### Work to be completed
Pictures excluded, reproduce exactly the lines below from the one with "Wenko Inca swing" through the one with "6月28日,鹽都萬達(dá)", both included.

START Records shown

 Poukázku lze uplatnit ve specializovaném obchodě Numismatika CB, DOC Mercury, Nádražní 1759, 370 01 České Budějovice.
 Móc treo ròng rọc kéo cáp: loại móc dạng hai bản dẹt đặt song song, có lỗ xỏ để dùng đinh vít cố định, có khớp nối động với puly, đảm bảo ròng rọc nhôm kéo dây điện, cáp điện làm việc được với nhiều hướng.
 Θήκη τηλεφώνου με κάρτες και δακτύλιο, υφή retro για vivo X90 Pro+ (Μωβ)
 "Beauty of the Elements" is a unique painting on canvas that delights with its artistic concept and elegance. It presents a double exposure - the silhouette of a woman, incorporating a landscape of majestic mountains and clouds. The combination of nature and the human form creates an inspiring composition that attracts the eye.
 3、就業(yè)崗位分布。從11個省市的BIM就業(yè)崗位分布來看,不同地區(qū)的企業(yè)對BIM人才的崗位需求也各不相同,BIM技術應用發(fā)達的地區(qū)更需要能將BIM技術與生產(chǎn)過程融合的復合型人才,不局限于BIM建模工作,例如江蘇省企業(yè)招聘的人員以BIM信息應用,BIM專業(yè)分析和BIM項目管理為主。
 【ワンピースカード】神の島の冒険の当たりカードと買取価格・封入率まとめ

END Records shown
START Records shown

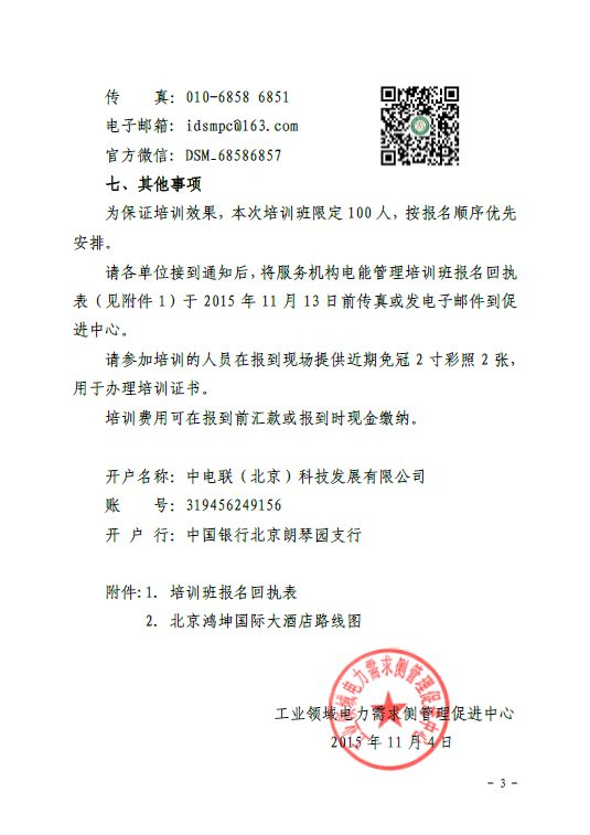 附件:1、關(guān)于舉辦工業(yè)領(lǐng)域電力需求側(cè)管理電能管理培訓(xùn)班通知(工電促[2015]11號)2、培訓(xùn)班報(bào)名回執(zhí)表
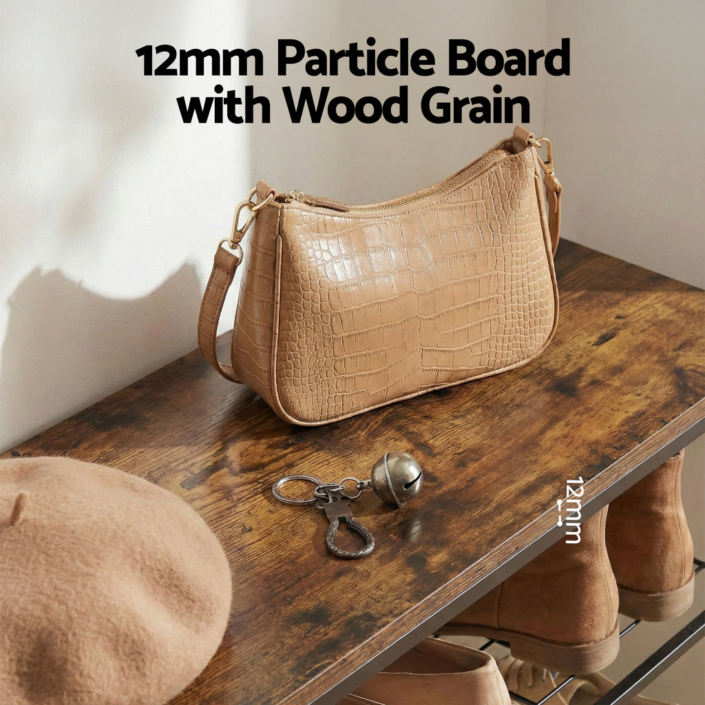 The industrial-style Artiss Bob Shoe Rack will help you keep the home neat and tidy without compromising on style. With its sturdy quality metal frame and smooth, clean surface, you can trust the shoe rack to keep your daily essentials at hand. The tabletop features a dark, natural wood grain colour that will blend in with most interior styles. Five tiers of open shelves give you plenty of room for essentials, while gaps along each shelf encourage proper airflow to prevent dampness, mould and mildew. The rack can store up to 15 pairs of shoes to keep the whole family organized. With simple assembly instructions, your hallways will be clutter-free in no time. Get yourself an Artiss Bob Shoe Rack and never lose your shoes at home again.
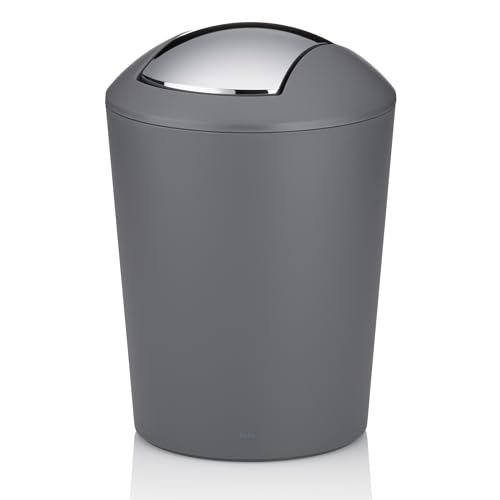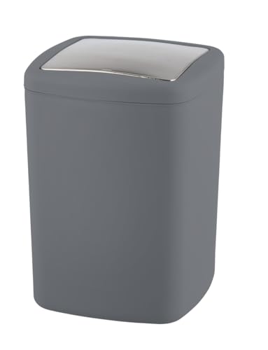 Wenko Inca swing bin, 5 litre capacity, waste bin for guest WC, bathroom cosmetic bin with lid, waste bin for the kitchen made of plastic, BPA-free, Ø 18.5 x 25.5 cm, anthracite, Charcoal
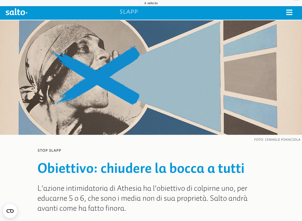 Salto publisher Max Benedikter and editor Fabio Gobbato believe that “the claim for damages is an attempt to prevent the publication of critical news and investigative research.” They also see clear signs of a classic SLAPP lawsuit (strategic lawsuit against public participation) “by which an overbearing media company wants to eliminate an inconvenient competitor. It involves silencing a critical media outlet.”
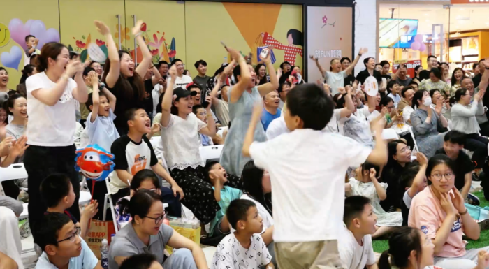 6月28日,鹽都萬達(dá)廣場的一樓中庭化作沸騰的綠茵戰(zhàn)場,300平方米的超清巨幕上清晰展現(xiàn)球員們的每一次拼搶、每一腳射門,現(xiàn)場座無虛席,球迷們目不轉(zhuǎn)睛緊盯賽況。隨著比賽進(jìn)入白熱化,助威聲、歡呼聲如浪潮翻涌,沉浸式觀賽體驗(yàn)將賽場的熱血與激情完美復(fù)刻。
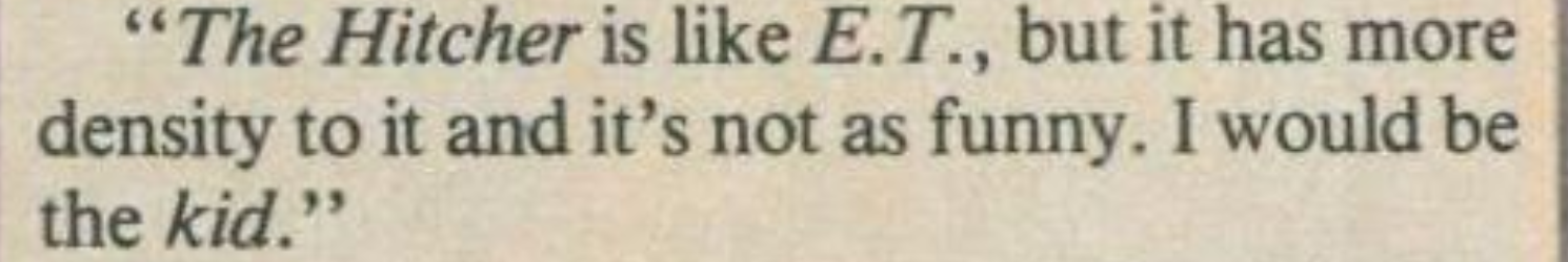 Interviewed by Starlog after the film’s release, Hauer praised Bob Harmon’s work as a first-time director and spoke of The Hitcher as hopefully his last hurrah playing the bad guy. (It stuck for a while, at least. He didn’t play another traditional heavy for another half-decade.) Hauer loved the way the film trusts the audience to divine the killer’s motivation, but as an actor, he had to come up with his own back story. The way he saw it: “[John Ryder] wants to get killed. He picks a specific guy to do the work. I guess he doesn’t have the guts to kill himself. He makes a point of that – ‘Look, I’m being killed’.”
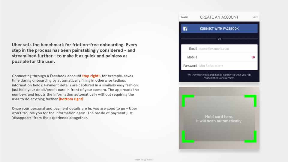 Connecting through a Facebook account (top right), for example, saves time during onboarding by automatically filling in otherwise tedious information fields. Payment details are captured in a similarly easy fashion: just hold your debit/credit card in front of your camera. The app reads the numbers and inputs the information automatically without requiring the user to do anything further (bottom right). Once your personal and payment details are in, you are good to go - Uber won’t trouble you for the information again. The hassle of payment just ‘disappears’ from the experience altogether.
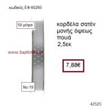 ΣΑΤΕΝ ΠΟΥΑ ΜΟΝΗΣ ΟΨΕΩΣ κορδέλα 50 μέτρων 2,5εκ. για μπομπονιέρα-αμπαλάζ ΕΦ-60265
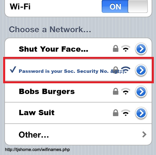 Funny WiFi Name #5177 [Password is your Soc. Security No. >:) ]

END Records shown

### Written solution
 Wenko Inca swing bin, 5 litre capacity, waste bin for guest WC, bathroom cosmetic bin with lid, waste bin for the kitchen made of plastic, BPA-free, Ø 18.5 x 25.5 cm, anthracite, Charcoal
 Salto publisher Max Benedikter and editor Fabio Gobbato believe that “the claim for damages is an attempt to prevent the publication of critical news and investigative research.” They also see clear signs of a classic SLAPP lawsuit (strategic lawsuit against public participation) “by which an overbearing media company wants to eliminate an inconvenient competitor. It involves silencing a critical media outlet.”
 6月28日,鹽都萬達(dá)廣場的一樓中庭化作沸騰的綠茵戰(zhàn)場,300平方米的超清巨幕上清晰展現(xiàn)球員們的每一次拼搶、每一腳射門,現(xiàn)場座無虛席,球迷們目不轉(zhuǎn)睛緊盯賽況。隨著比賽進(jìn)入白熱化,助威聲、歡呼聲如浪潮翻涌,沉浸式觀賽體驗(yàn)將賽場的熱血與激情完美復(fù)刻。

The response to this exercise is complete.